CONFIRMING STATEMENT

 

This Statement confirms that the undersigned has authorized and designated Gregory J. Lynch, Michael H. Altman, Joshua B. Erekson, Kelly Teelin, Stacy Fredericks and Christina Blakley, each acting singly, to execute and file on the undersigned's behalf a Form ID and all Forms 3, 4, and 5 (including any amendments thereto) that the undersigned may be required to file with the U.S. Securities and Exchange Commission as a result of the undersigned's ownership of or transactions in securities of Cellectar Biosciences, Inc. The authority of Gregory J. Lynch, Michael H. Altman, Joshua B. Erekson, Kelly Teelin, Stacy Fredericks and Christina Blakley under this Statement shall continue until the undersigned is no longer required to file Forms 3, 4, and 5 with regard to the undersigned’s ownership of or transactions in securities of Cellectar Biosciences, Inc. unless earlier revoked in writing.

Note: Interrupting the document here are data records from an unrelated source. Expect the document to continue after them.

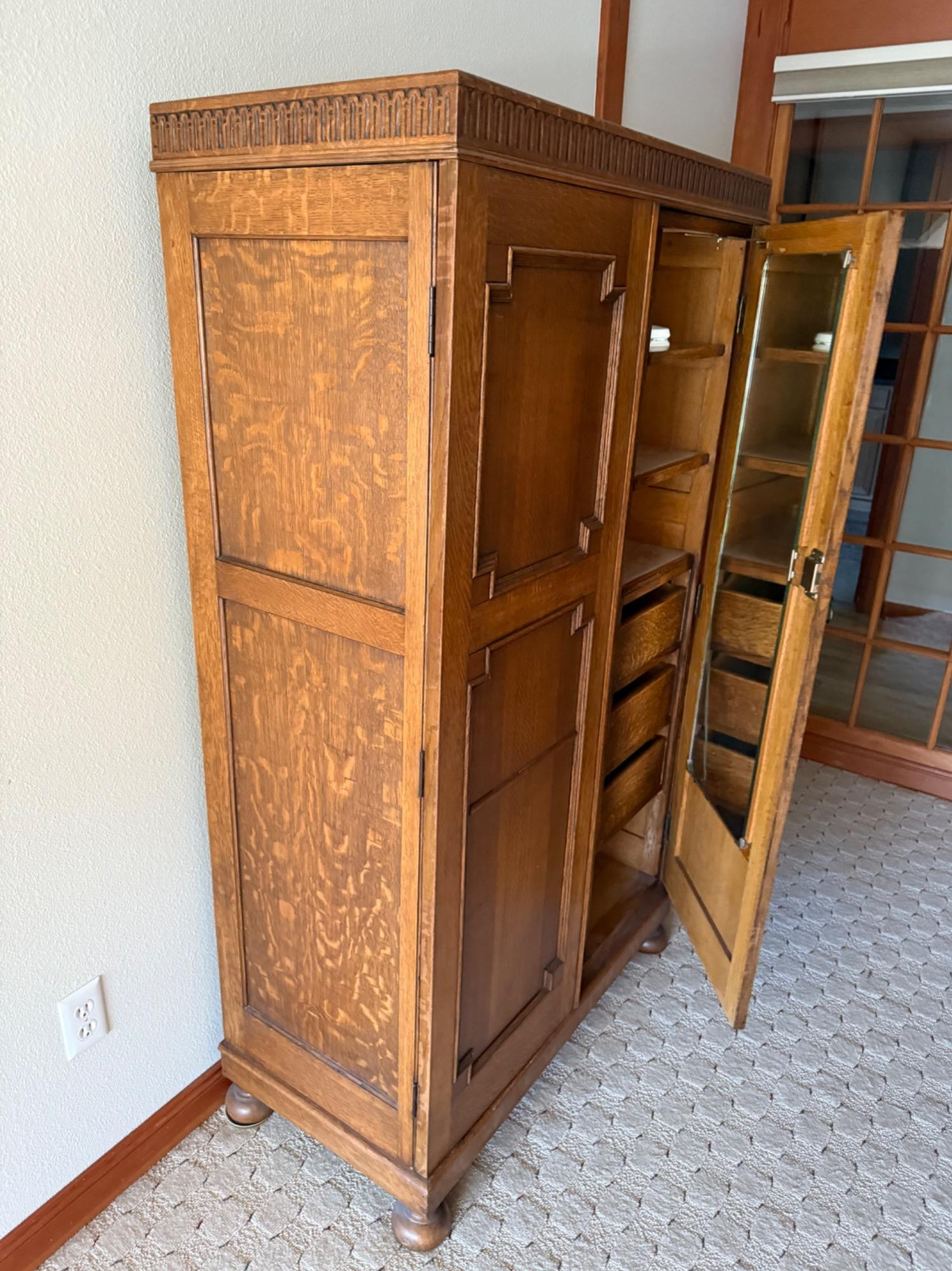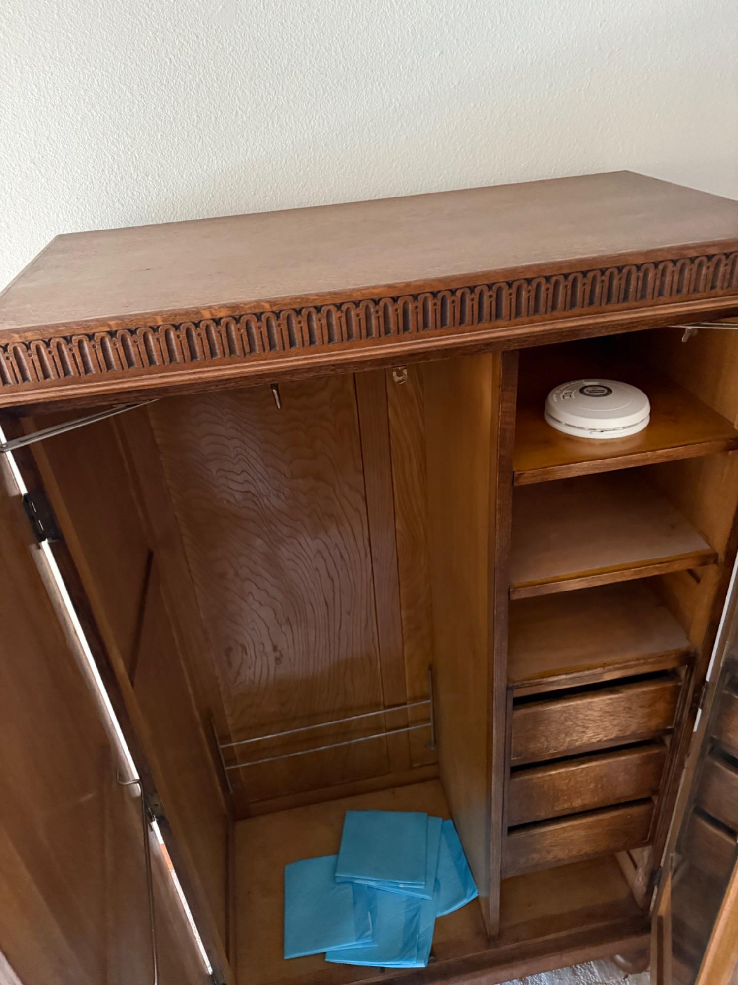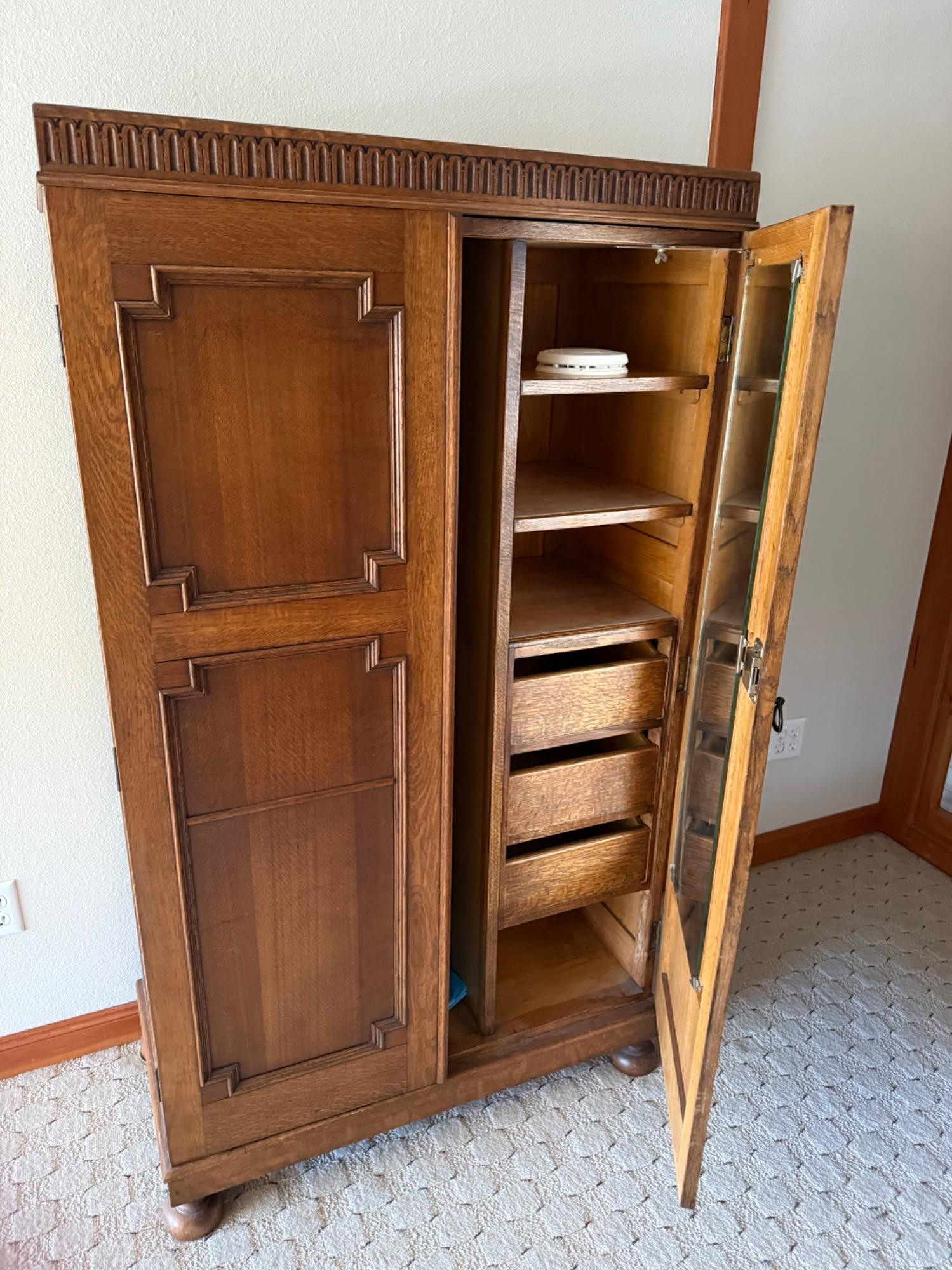 Lot # 33 - Antique Wooden Wardrobe Closet w/ Built-In Drawers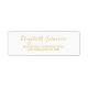 Créez votre propre étiquette d'adresse de retour dorée personnalisée, personnalisée, simple et élégante. Entrez simplement votre nom / nom de famille / nom de société, et adresse. Parfait pour les envois personnels et officiels, à la maison et aux affaires. Élégantes étiquettes d'adresse de retour à utiliser sur l'anniversaire, le mariage, l'anniversaire du mariage, l'obtention du diplôme, la douche nuptiale, le baby shower, les jours fériés, ou tout autre envoi spécial de la famille.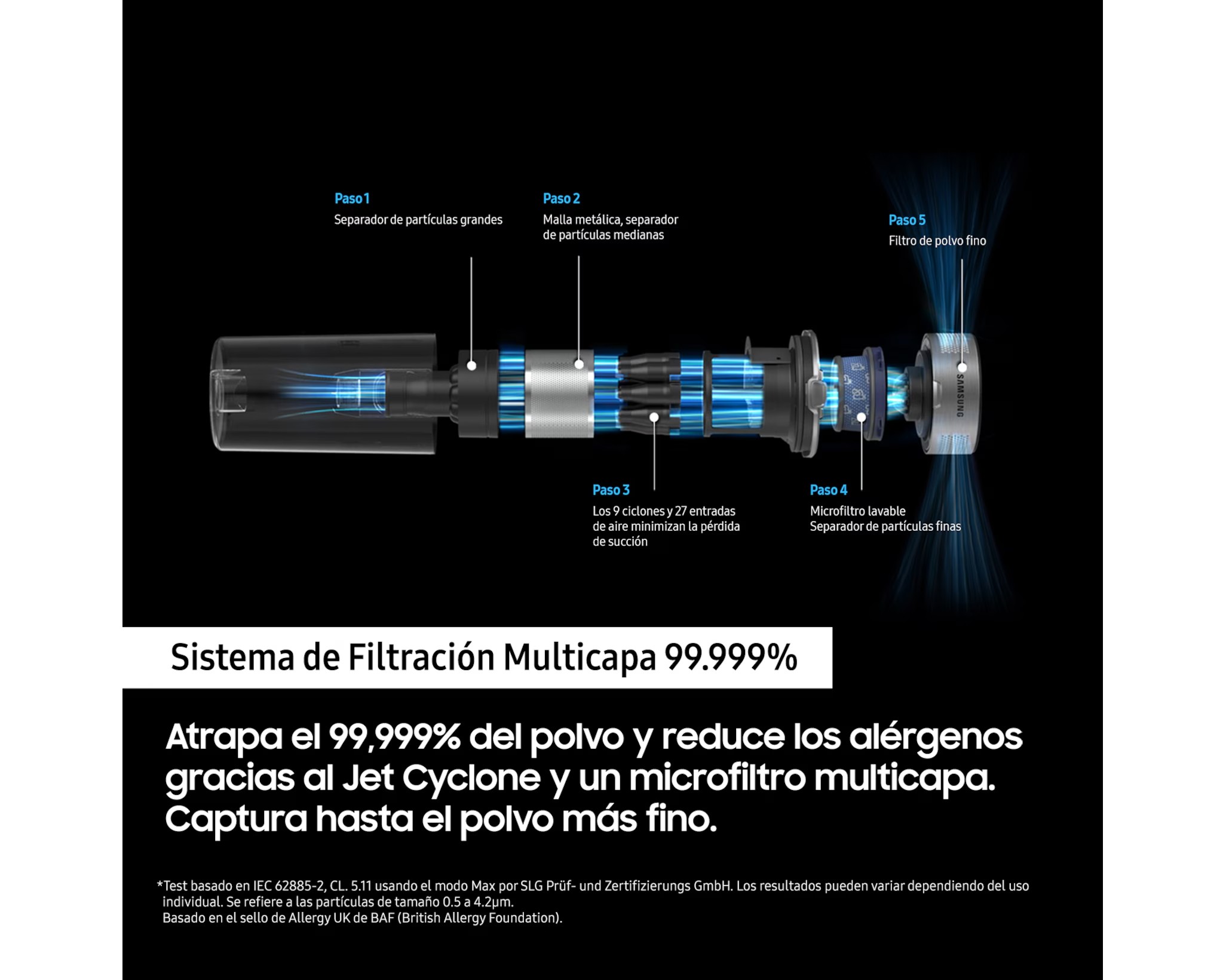 Samsung VS20B75AGR1, Secar, Multiciclónico, Alfombra, Suelo duro, 86 dB, 200 W, Sin bolsa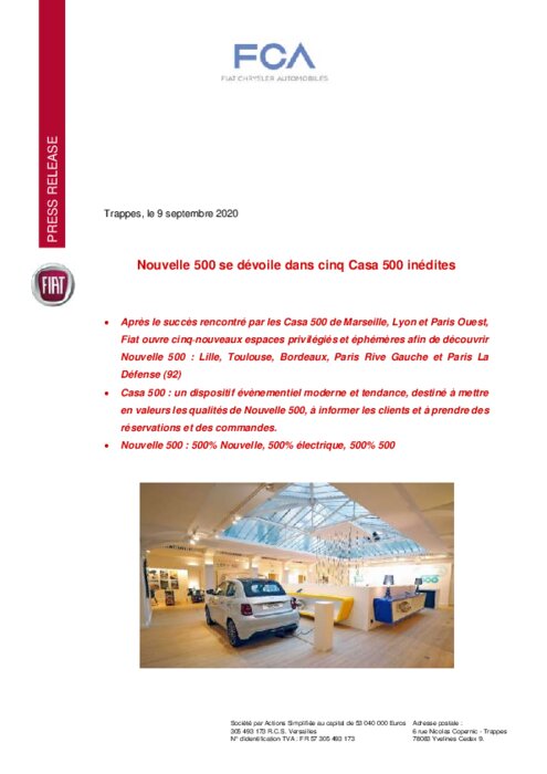 Après avoir lancé avec succès ses premières Casa 500 en juillet dernier à Marseille, Lyon et au Chesnay en région parisienne (voir communiqué), Fiat poursuit le déploiement de son programme de présentation en avant-première de Nouvelle 500, désormais 500% électrique. La marque italienne lance ainsi l’ouverture de cinq nouveaux sites situés à Lille, Toulouse, Bordeaux, Paris La Défense et Paris Rive Gauche (VIIème arrondissement).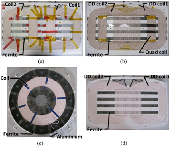 Double-D Quadrature (DDQ) coils are based on the DD concept but a second set of coils at 90° is added. This enhances tolerance in both axes. This results in a very uniform magnetic field over a larger area and higher efficiency under misalignment. These are mainly used in high-performance or research-based systems but at the cost of increased complexity, weight and expense. Bipolar coils are typically figure-8 shaped and produce concentrated flux between two poles. They are highly efficient when aligned and provide strong coupling across gaps. However, their performance drops sharply with perpendicular misalignment. They also tend to be heavier and more complex due to required ferrite cores.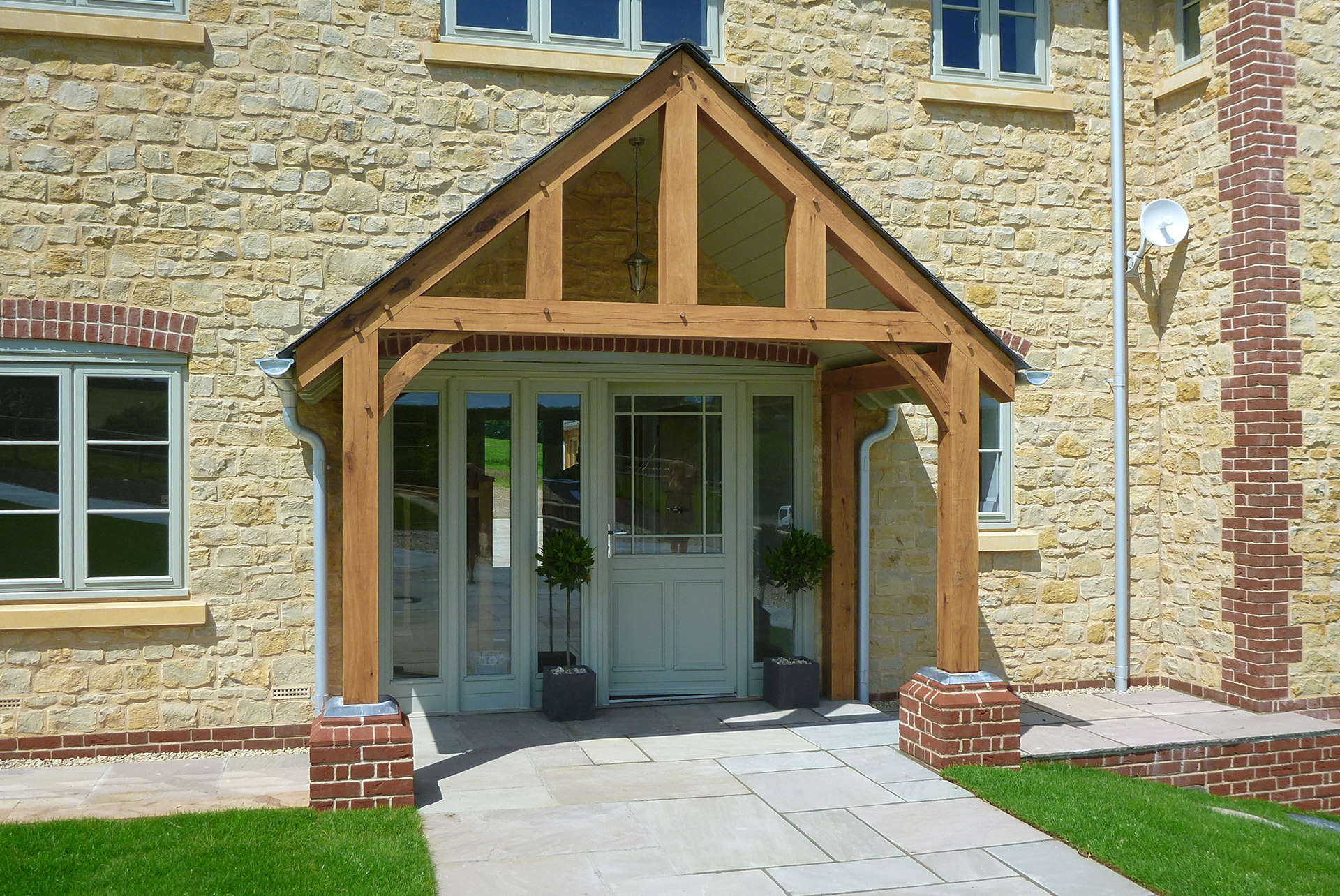 The house, nestling into its sloping site is laid out to take advantage of stunning panoramic distant views. The green oak framed glazed kitchen extension, and the L shaped enclosed courtyard provides year round sun and views.

The undersigned acknowledges that Gregory J. Lynch, Michael H. Altman, Joshua B. Erekson, Kelly Teelin, Stacy Fredericks and Christina Blakley are not assuming any of the undersigned’s responsibilities to comply with Section 16 of the Securities Exchange Act of 1934.

 

This Statement revokes the authority of any person named in any prior confirming statement relating to the undersigned’s filing obligations with respect to securities of Cellectar Biosciences, Inc. who is not named herein, and this Statement replaces and supersedes any such prior confirming statement.